*** Opening of DATASET RECORDS ***

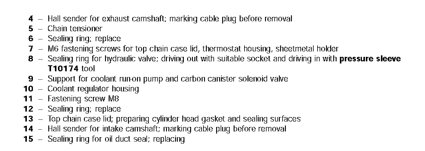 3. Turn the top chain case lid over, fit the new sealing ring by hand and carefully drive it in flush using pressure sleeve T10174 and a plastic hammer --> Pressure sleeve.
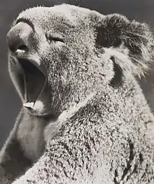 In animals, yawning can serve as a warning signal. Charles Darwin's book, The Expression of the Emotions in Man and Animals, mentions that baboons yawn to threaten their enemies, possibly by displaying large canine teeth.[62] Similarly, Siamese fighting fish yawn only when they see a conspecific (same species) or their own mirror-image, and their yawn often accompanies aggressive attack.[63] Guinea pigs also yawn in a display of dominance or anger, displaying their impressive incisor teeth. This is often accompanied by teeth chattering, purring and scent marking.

*** Close of DATASET RECORDS ***
*** Opening of DATASET RECORDS ***

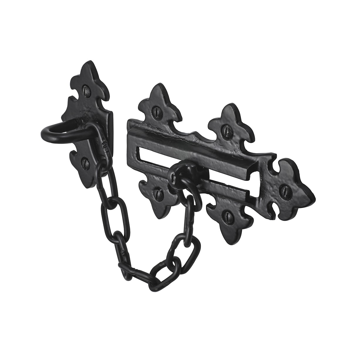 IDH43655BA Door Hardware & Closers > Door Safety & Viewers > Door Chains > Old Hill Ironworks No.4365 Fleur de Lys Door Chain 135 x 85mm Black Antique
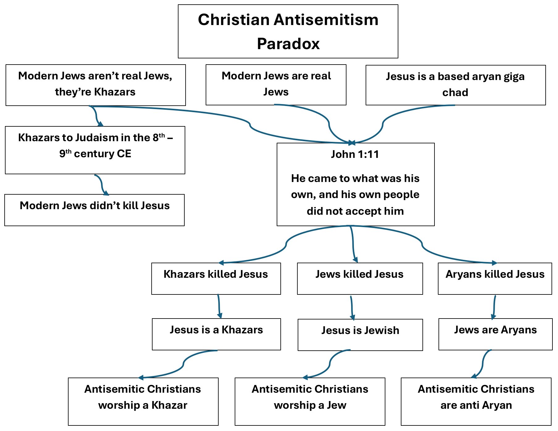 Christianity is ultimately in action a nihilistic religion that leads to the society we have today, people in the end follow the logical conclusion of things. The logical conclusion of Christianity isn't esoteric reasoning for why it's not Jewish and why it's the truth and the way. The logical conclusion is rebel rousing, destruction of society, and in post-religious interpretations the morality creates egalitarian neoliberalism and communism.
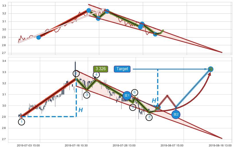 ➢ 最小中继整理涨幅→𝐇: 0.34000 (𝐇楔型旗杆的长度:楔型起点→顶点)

*** Close of DATASET RECORDS ***
*** Opening of DATASET RECORDS ***

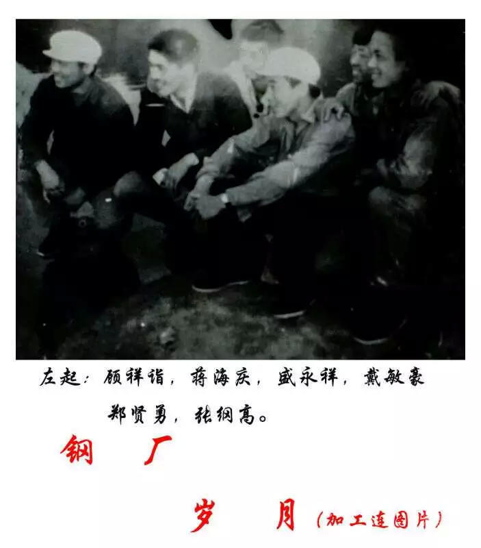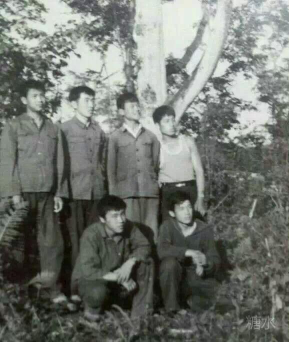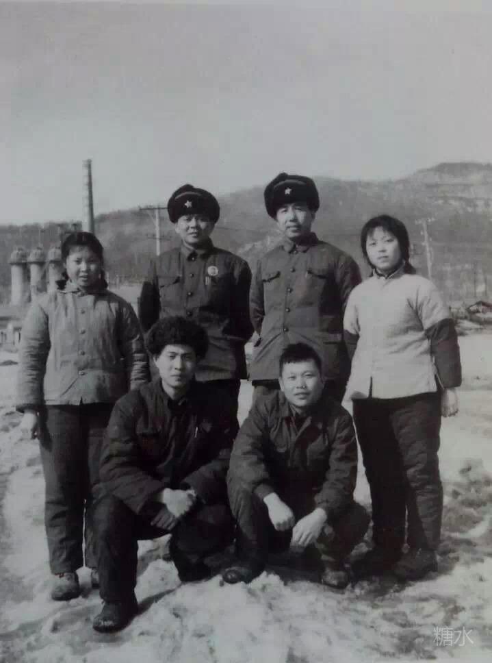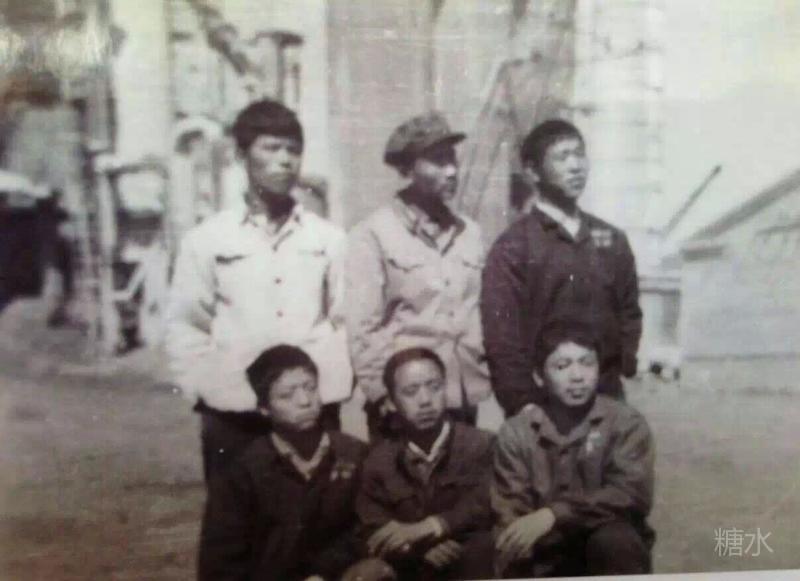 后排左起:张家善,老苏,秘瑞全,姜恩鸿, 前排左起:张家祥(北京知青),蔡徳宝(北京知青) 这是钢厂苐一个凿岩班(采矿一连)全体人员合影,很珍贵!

*** Close of DATASET RECORDS ***

● **EXERCISE REQUIREMENTS**: Although pictures appear among the records above, none are to be output; print exactly the lines from the line containing "3. Turn the" through the line containing "In animals, yawning".

● **RESULT OF THIS TASK**:
 3. Turn the top chain case lid over, fit the new sealing ring by hand and carefully drive it in flush using pressure sleeve T10174 and a plastic hammer --> Pressure sleeve.
 In animals, yawning can serve as a warning signal. Charles Darwin's book, The Expression of the Emotions in Man and Animals, mentions that baboons yawn to threaten their enemies, possibly by displaying large canine teeth.[62] Similarly, Siamese fighting fish yawn only when they see a conspecific (same species) or their own mirror-image, and their yawn often accompanies aggressive attack.[63] Guinea pigs also yawn in a display of dominance or anger, displaying their impressive incisor teeth. This is often accompanied by teeth chattering, purring and scent marking.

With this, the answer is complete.